In Phoenix, you’ll see:

LLM Span: Model decides to call lookupOrderStatus
Tool Span: Shows the tool name, input (orderId), and output
LLM Span: Model summarizes the result

Tracing RAG Pipelines

RAG pipelines can fail in many places. The embedding might not capture the query’s intent, the retrieval might return irrelevant documents, or the LLM might misuse good context. When a user gets a bad answer, which step failed? With tracing, you can see the full pipeline, including which documents were retrieved, what context was injected into the prompt, and how the LLM used it. You can pinpoint exactly where things went wrong. For RAG, trace both the embedding calls and the generation call.

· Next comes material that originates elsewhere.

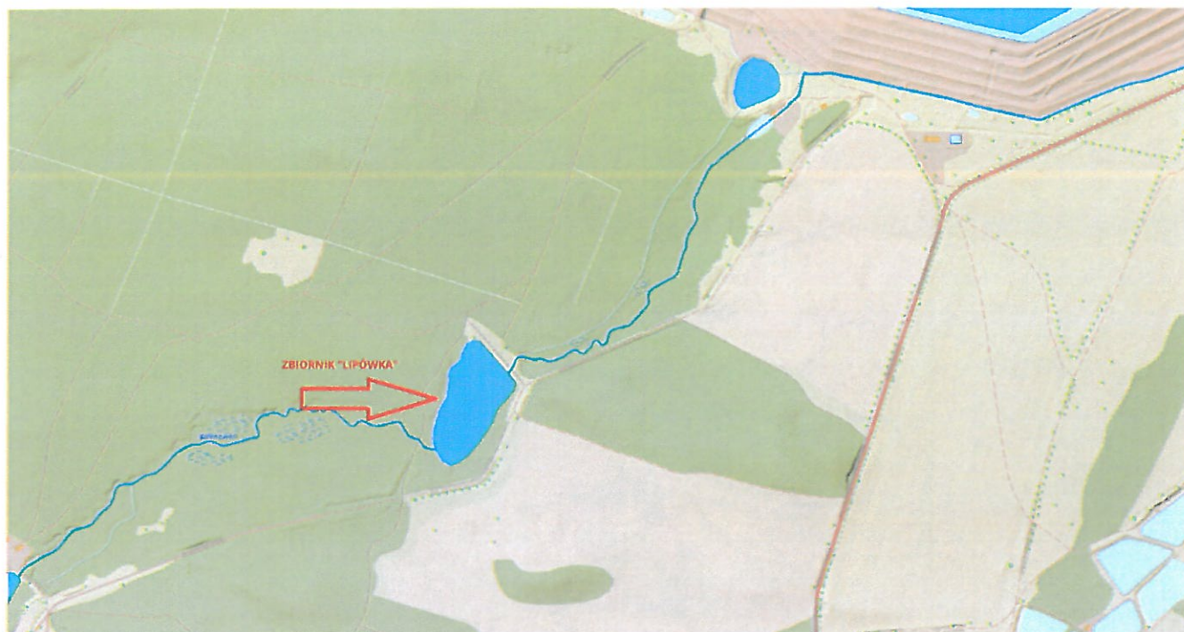
Rys. 2 Przebieg ciek Kalinówka (być może Lipówka) oznaczony w Hydroportalu https://wody.isok.gov.pl/imap_kzgw/?gpmmap=gpPGW

Tymczasem ciek po opuszczeniu zbiornika „Lipówka” biegnie tak jak na mapie załączonej do niniejszego pisma, tj. ze zbiornika „Lipówka” woda kierowana jest do rurociągu grawitacyjnego \Phi 1200 mm i dalej poprzez komorę rozdzielczo-przelewową rurociągami \Phi 1000 mm i \Phi 800 mm i kanałami otwartymi do potoku Kalinówka w km 0+950 lewostronnego dopływu rzeki Rudna.

Each embed call becomes its own span:

TypeScript
Python

// Embed the user's query - traced automatically
const { embedding } = await embed({
  model: openai.embedding("text-embedding-ada-002"),
  value: userQuery,
  experimental_telemetry: { isEnabled: true },
});

// ... semantic search logic ...

// Generate with retrieved context - traced automatically
const { text } = await generateText({
  model: openai.chat("gpt-4o-mini"),
  system: `Answer using ONLY this context:\n\n${retrievedContext}`,
  prompt: userQuery,
  experimental_telemetry: { isEnabled: true },
});

# Embed the query - traced automatically
embedding_response = client.embeddings.create(
    model="text-embedding-ada-002",
    input=user_query
)
query_embedding = embedding_response.data[0].embedding

# Generate with retrieved context - traced automatically
rag_result = client.chat.completions.create(
    model="gpt-4o-mini",
    messages=[
        {
            "role": "system",
            "content": f"You are a helpful customer support agent. Answer the user's question using ONLY the information provided in the context below. Be friendly and concise.\n\nContext:\n{rag_context}",
        },
        {"role": "user", "content": user_query},
    ],
)

In Phoenix, you’ll see:

The generation span shows the retrieved context in the system prompt, so you can immediately see if retrieval found the right documents.

Grouping Operations with Parent Spans

A single user request might trigger multiple LLM calls, tool executions, and retrievals. Let’s allocate all of these under one parent span, so all operations for one request are nested together. Click on the parent span and see the entire execution tree: classification, tool calls, retrieval, generation, all in one view, with timing relationships visible at a glance.

See the entire agent with grouped tracing here.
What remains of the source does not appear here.